### Excerpts from a dataset
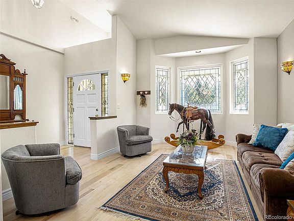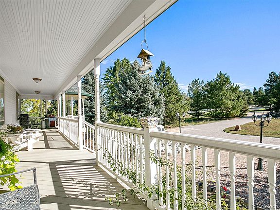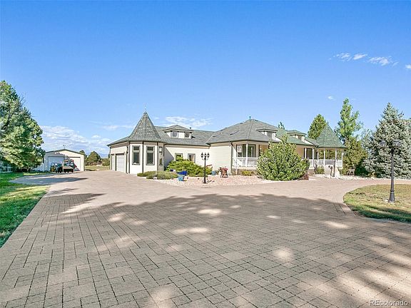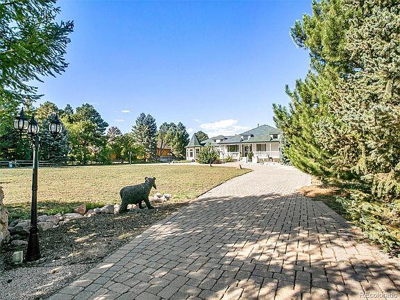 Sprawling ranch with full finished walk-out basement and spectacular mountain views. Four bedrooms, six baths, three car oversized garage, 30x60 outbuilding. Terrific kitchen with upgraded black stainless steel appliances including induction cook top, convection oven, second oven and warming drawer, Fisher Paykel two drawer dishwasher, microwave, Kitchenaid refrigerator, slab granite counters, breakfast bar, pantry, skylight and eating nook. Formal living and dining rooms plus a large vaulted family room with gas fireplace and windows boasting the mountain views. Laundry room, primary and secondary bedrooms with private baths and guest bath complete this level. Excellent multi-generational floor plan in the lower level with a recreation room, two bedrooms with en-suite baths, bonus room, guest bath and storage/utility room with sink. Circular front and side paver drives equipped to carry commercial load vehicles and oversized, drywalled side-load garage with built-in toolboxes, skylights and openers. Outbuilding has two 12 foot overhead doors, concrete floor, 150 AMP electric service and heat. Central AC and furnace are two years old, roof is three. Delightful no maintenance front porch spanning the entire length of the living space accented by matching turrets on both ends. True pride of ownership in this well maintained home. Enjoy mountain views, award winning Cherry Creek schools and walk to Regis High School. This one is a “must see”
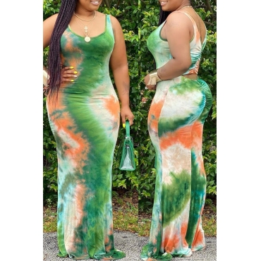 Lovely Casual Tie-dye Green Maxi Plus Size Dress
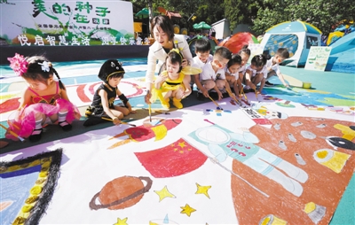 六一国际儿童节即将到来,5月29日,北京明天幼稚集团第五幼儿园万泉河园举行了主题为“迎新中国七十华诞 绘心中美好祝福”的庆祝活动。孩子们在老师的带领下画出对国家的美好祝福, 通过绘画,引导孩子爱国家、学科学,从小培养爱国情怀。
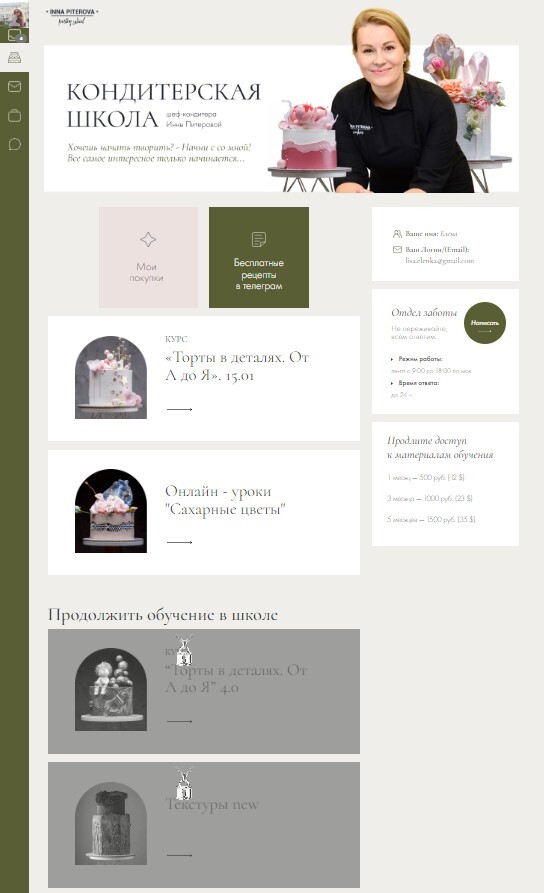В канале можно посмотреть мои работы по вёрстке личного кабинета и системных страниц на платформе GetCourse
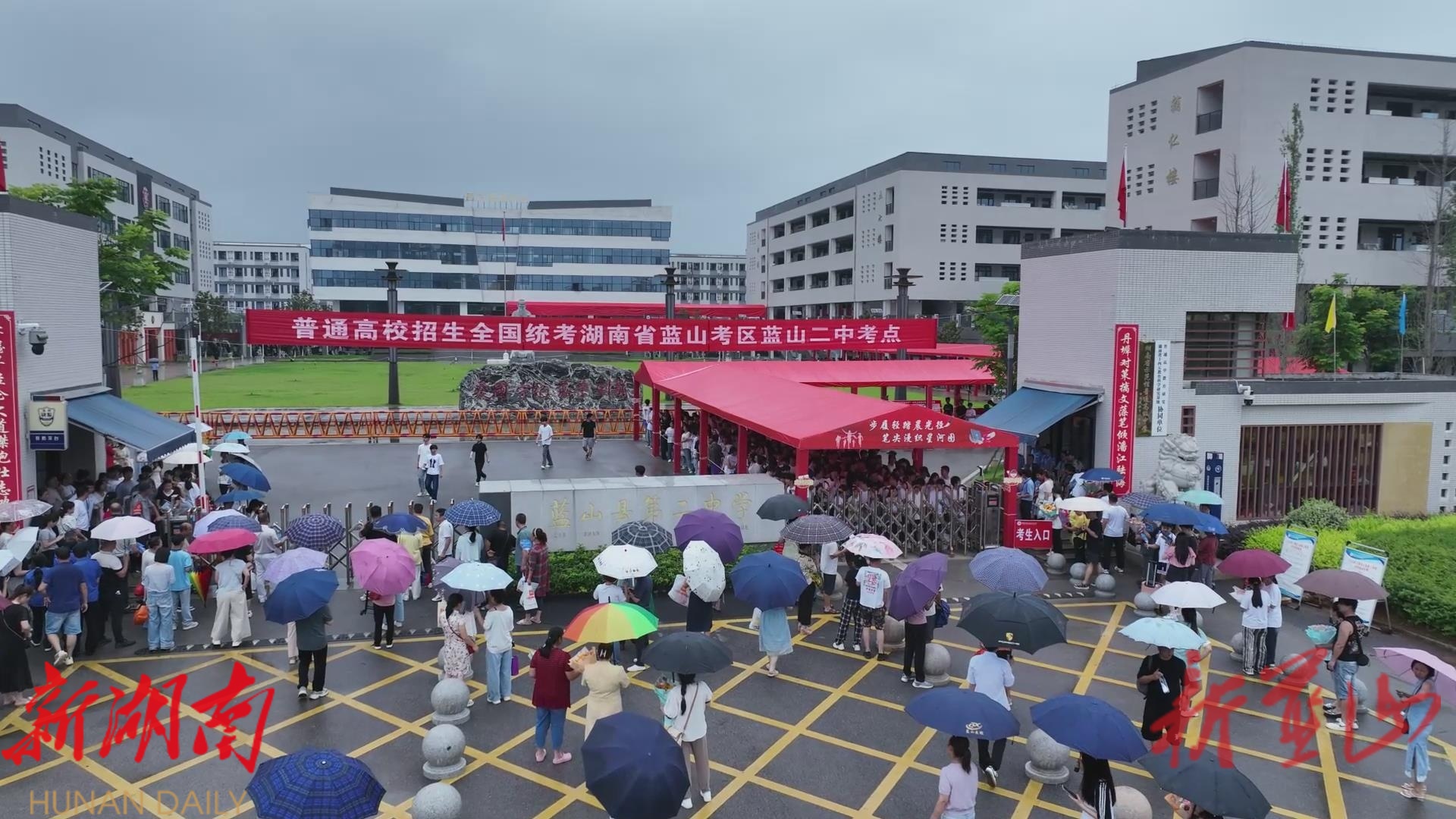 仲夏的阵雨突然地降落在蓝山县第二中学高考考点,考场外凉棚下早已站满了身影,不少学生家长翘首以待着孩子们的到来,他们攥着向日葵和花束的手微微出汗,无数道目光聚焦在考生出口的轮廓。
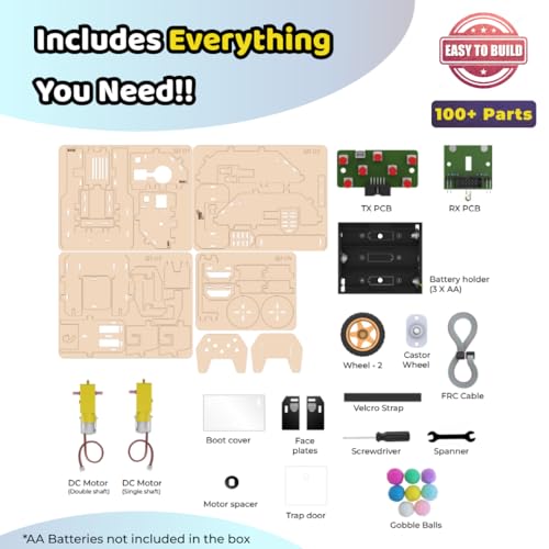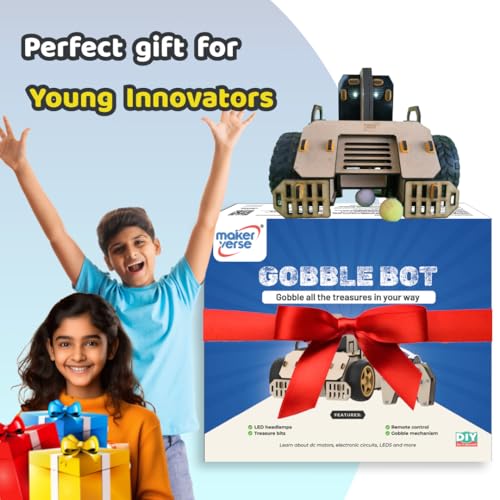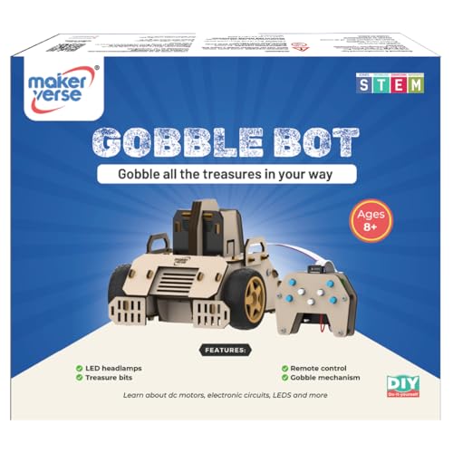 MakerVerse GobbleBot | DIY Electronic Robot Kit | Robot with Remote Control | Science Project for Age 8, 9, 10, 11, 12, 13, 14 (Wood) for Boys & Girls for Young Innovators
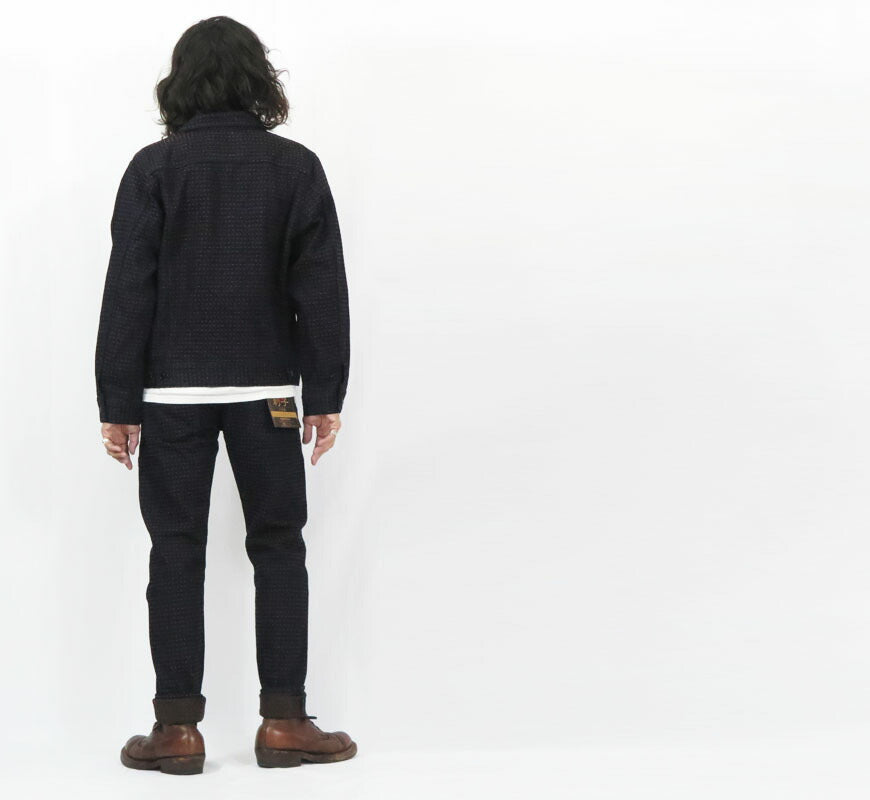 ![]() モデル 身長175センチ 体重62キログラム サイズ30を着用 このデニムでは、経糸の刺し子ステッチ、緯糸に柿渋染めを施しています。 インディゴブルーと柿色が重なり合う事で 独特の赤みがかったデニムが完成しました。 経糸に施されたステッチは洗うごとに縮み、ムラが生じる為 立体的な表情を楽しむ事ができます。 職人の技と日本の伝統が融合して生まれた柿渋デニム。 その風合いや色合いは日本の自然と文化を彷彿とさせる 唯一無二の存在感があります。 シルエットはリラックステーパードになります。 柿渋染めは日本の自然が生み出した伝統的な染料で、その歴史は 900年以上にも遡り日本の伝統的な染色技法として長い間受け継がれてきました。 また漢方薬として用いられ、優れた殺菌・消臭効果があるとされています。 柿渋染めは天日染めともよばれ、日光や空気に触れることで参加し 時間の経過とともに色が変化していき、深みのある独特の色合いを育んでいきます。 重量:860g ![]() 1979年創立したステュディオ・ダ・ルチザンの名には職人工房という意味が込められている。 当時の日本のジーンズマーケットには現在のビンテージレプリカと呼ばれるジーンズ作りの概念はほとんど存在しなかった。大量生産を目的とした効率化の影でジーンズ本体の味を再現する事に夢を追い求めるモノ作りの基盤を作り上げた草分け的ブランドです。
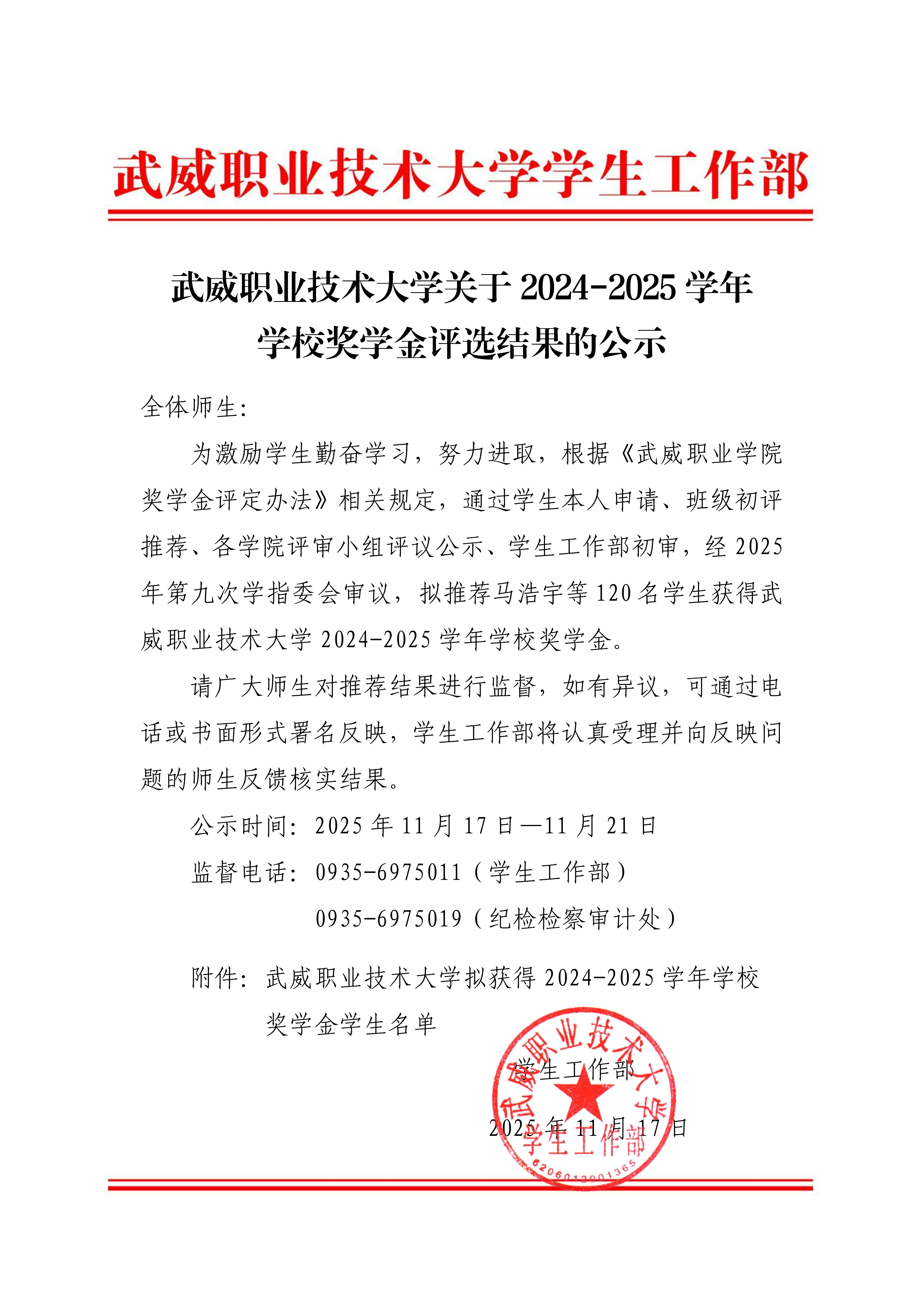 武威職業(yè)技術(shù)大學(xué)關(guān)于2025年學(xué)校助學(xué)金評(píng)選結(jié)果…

### Exercise instructions
Starting at the line with "Lovely Casual Tie-dye" in the entries above, write out every line exactly until the line with "MakerVerse GobbleBot |" has been written. Include no pictures and nothing more.

### Expected answer
 Lovely Casual Tie-dye Green Maxi Plus Size Dress
 六一国际儿童节即将到来,5月29日,北京明天幼稚集团第五幼儿园万泉河园举行了主题为“迎新中国七十华诞 绘心中美好祝福”的庆祝活动。孩子们在老师的带领下画出对国家的美好祝福, 通过绘画,引导孩子爱国家、学科学,从小培养爱国情怀。
В канале можно посмотреть мои работы по вёрстке личного кабинета и системных страниц на платформе GetCourse
 仲夏的阵雨突然地降落在蓝山县第二中学高考考点,考场外凉棚下早已站满了身影,不少学生家长翘首以待着孩子们的到来,他们攥着向日葵和花束的手微微出汗,无数道目光聚焦在考生出口的轮廓。
 MakerVerse GobbleBot | DIY Electronic Robot Kit | Robot with Remote Control | Science Project for Age 8, 9, 10, 11, 12, 13, 14 (Wood) for Boys & Girls for Young Innovators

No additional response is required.